Носилки тронулись. При каждом толчке он опять чувствовал невыносимую боль; лихорадочное состояние усилилось, и он начинал бредить. Те мечтания об отце, жене, сестре и будущем сыне и нежность, которую он испытывал в ночь накануне сражения, фигура маленького, ничтожного Наполеона и над всем этим высокое небо, составляли главное основание его горячечных представлений.
Тихая жизнь и спокойное семейное счастие в Лысых Горах представлялись ему. Он уже наслаждался этим счастием, когда вдруг являлся маленький Напoлеон с своим безучастным, ограниченным и счастливым от несчастия других взглядом, и начинались сомнения, муки, и только небо обещало успокоение. К утру все мечтания смешались и слились в хаос и мрак беспамятства и забвения, которые гораздо вероятнее, по мнению самого Ларрея, доктора Наполеона, должны были разрешиться смертью, чем выздоровлением.

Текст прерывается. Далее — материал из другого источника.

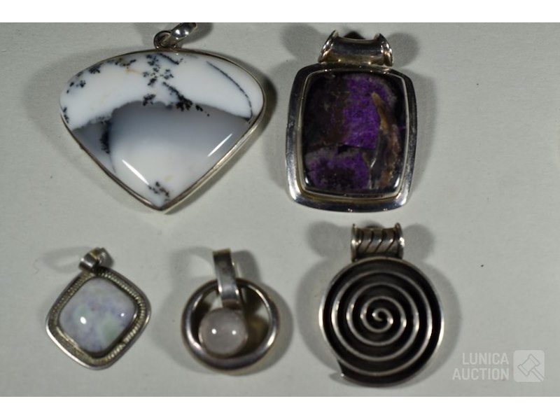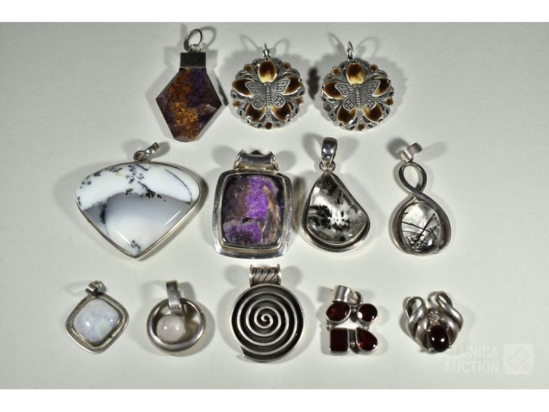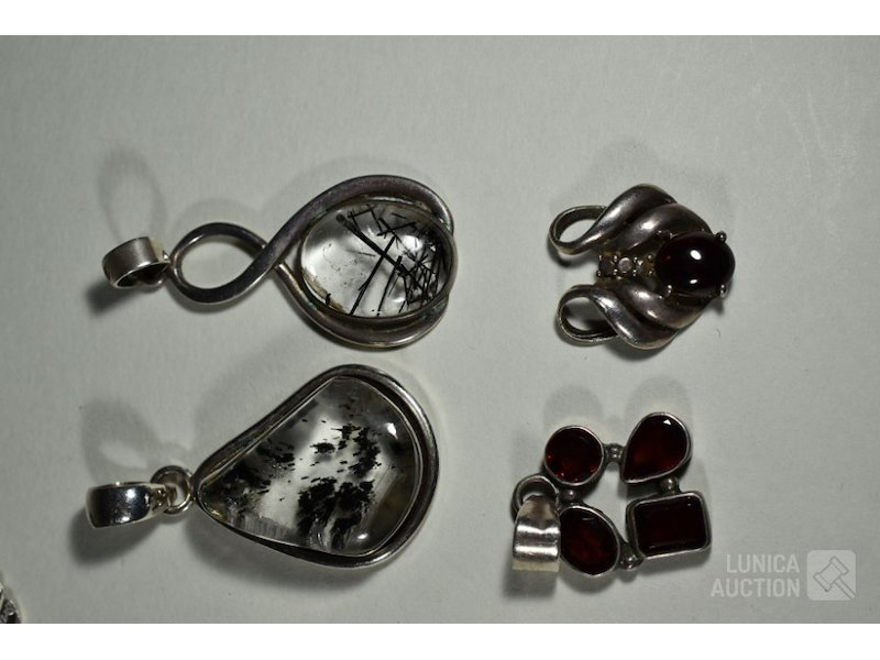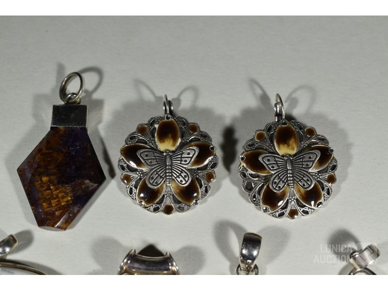 Ca. 10 stuksDeels in zilveren vatting 925. Diverse modellen en materialen. Afmetingen variëren van 17x17 mm tot 42x48 mm. Inclusief set "vlinder" oorclips.

– C'est un sujet nerveux et bilieux, – сказал Ларрей, – il n'en rechappera pas. [Это человек нервный и желчный, он не выздоровеет.]

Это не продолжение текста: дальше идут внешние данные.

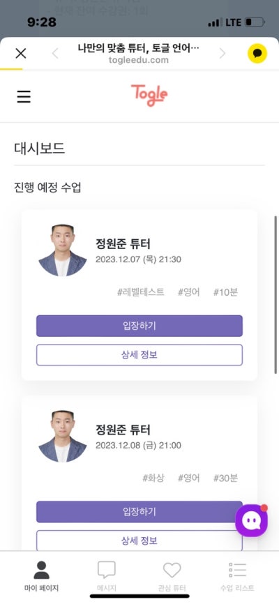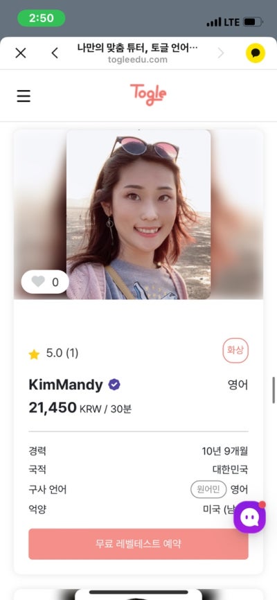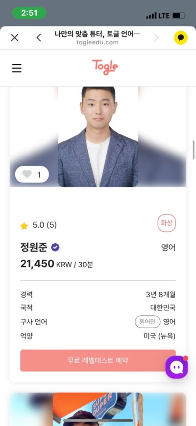 함께 수업을 듣고 싶은 강사 몇 명을 선택했습니다. 영어회화 사이트 토글(Toggle)에서는 경험, 국적, 사용언어, 억양, 수강생 리뷰까지 한 번에 볼 수 있어, 자신에게 잘 맞는 튜터나 배우고 싶은 분야의 튜터를 매칭받을 수 있습니다. 나는 그것이 장점이라고 생각한다. 특히 저는 경험이 많고 억양이 친숙한 튜터를 선택했습니다. 사실, 익숙한 사투리보다는 익숙하지 않은 사투리로 공부하면 실력이 더 향상될 것입니다. 지난번 미국 여행을 갔을 ​​때 라틴 영어 발음을 듣고 헷갈렸어요. 토글의 튜터를 어떻게 선발하고 관리하는지 시스템에 대해서는 잘 모르지만 언어에는 자신있습니다! 하시는 분들은 튜터로 일하시면 좋을 것 같아요. 이렇게 튜터와 튜티가 수업을 계획하고 어디서든 전화나 구글미팅으로 수업을 진행해서 시간도 벌고 돈도 벌고.. ㅎㅎ. 좋은 일인 것 같았습니다. 그건 제쳐두고 .. 큰 일이었습니다. 아무튼 저는 ‘개인수업’으로 딱 한 번만 수업을 예약했어요. 한번 해보고 괜찮으면 계속 해볼 생각이에요. 매주 같은 요일, 같은 시간에 계속해서 수업을 수강할 수 있는 ‘주간 반복 수업’도 있습니다. 토글은 좋은 옵션입니다. 좋은 점은 처음 수업을 듣는 멘토님과 함께 레벨테스트로 10분 수업을 무료로 들을 수 있는 기회가 주어진다는 점입니다. 레벨을 선택할 수 있는데 토글에는 레벨이 1~5까지 있어서 지난번에 영어 영상을 찍을 때 참 아쉬웠어요. 그래서 저는 혼자서 초급 2단계를 선택했습니다. 수업 예약을 하시면 카카오톡으로 수업 참여 링크를 보내드립니다. 오늘 수업이 있으면 오전에 카카오톡으로 알려드려요. 레벨테스트를 보신 후 후기를 말씀드리자면, 튜터님들은 영어는 물론이고 영어도 잘 하십니다. 그리고 한국어를 잘하는 분들이 많아서 제가 부족한 부분에 대해 헷갈리지 않고 바로 피드백을 줄 수 있는 장점이 있어요. 지저분한 문장을 한국어 문법에서 영어로 옮기면, 한국어를 모르는 튜터도 전혀 이해할 수 없는 문장도 쉽게 이해할 수 있습니다. ㅋㅋㅋㅋㅋ 물론 한국어도 잘하는 튜터를 골랐는데, 완전 원어민 현지 튜터한테 수업을 들으면 어려움을 이겨내고 더 성장할 수 있겠죠…? 내가 수강한 튜터님과 함께한 수업 리뷰! 먼저 실수를 고백하겠습니다 ㅠㅠ… 레벨테스트는 오류 없이 진행되었는데 수업 시간을 착각해서 예상치 못한 시간에 구글미팅에 가서 나오지 않았는데 다시 확인해 보니 깨달았습니다. 시간을 완전히 착각했네요.. 아쉽네요… 착오없으시길 바랍니다… 그래도 25분 동안 레벨테스트를 아주 만족스럽게 잘 봤습니다!!! 진심을 담아 리뷰를 남깁니다. 1. 우선 영상영어수업은 구글미팅을 통해 진행되었습니다. 컴퓨터나 노트북을 사용하시는 경우 사전에 구글 계정으로 로그인이 필요합니다. 휴대폰이나 태블릿을 사용하시는 경우에는 들어갈 때 앱을 다운로드하라는 안내가 나옵니다. 미리 다운받아서 구글 계정으로 로그인해 놓으면 편리할 것 같습니다. 2. 튜터님이 한국어를 잘 아시기 때문에 (자세한 튜터 정보는 위 사진을 참고해주세요) 먼저 레벨테스트 설명을 영어로 할 것인지, 아니면 한국어로 할 것인지 물어보셨습니다. 보시다시피 저는 가능하면 영어를 배우려고 계속 노력하고 있었기 때문에 모든 것을 영어로 해달라고 부탁했습니다. 하지만 의사소통이 안되면 한국어로 한마디 하더군요. ㅋ. 3. 레벨테스트에서는 자기소개를 하고, 영어를 공부하는 이유와 일상생활을 영어로 이야기했습니다. 튜터님 말씀대로 제가 2급이라고 미리 써놨는데, 영어로 생각을 표현하는 부분이 4급이 되신다니 좀 뿌듯하네요..^^ 와. 4. 수강신청 이유를 듣고 진행 방법을 결정하겠습니다. 자격증 취득/일상 영어회화, 독서와 회화/주제 정하고 토론 등 학습 목적에 맞춰 진행됩니다. 펜팔처럼 편안한 분위기에서 영어회화 수업을 진행하실 수 있습니다. 있어서 너무 좋았어요! 레벨테스트도 원래는 10분인데 튜터님이 25분으로 해주셨네요… 최고.. 감사합니다. 다음번에 Toggle 수업에 재등록하게 된다면 원준선생님과 꼭 수업을 듣고 싶습니다. 영어뿐만 아니라 다양한 나라의 언어로 회화 수업이 필요한 분들을 위해. 한국어와 영어를 잘해서 내가 말도 안 되는 말을 해도 완벽하게 고쳐준다. 가격대와 수업구조, 튜터(특히 성인대화)를 선택할 수 있는 자유도가 높은 수업을 원하시는 튜터가 필요하신 분들께 추천드립니다!

Князь Андрей, в числе других безнадежных раненых, был сдан на попечение жителей.


В начале 1806 года Николай Ростов вернулся в отпуск. Денисов ехал тоже домой в Воронеж, и Ростов уговорил его ехать с собой до Москвы и остановиться у них в доме. На предпоследней станции, встретив товарища, Денисов выпил с ним три бутылки вина и подъезжая к Москве, несмотря на ухабы дороги, не просыпался, лежа на дне перекладных саней, подле Ростова, который, по мере приближения к Москве, приходил все более и более в нетерпение.
«Скоро ли? Скоро ли? О, эти несносные улицы, лавки, калачи, фонари, извозчики!» думал Ростов, когда уже они записали свои отпуски на заставе и въехали в Москву.
– Денисов, приехали! Спит! – говорил он, всем телом подаваясь вперед, как будто он этим положением надеялся ускорить движение саней. Денисов не откликался.
– Вот он угол перекресток, где Захар извозчик стоит; вот он и Захар, и всё та же лошадь. Вот и лавочка, где пряники покупали. Скоро ли? Ну!
– К какому дому то? – спросил ямщик.
– Да вон на конце, к большому, как ты не видишь! Это наш дом, – говорил Ростов, – ведь это наш дом! Денисов! Денисов! Сейчас приедем.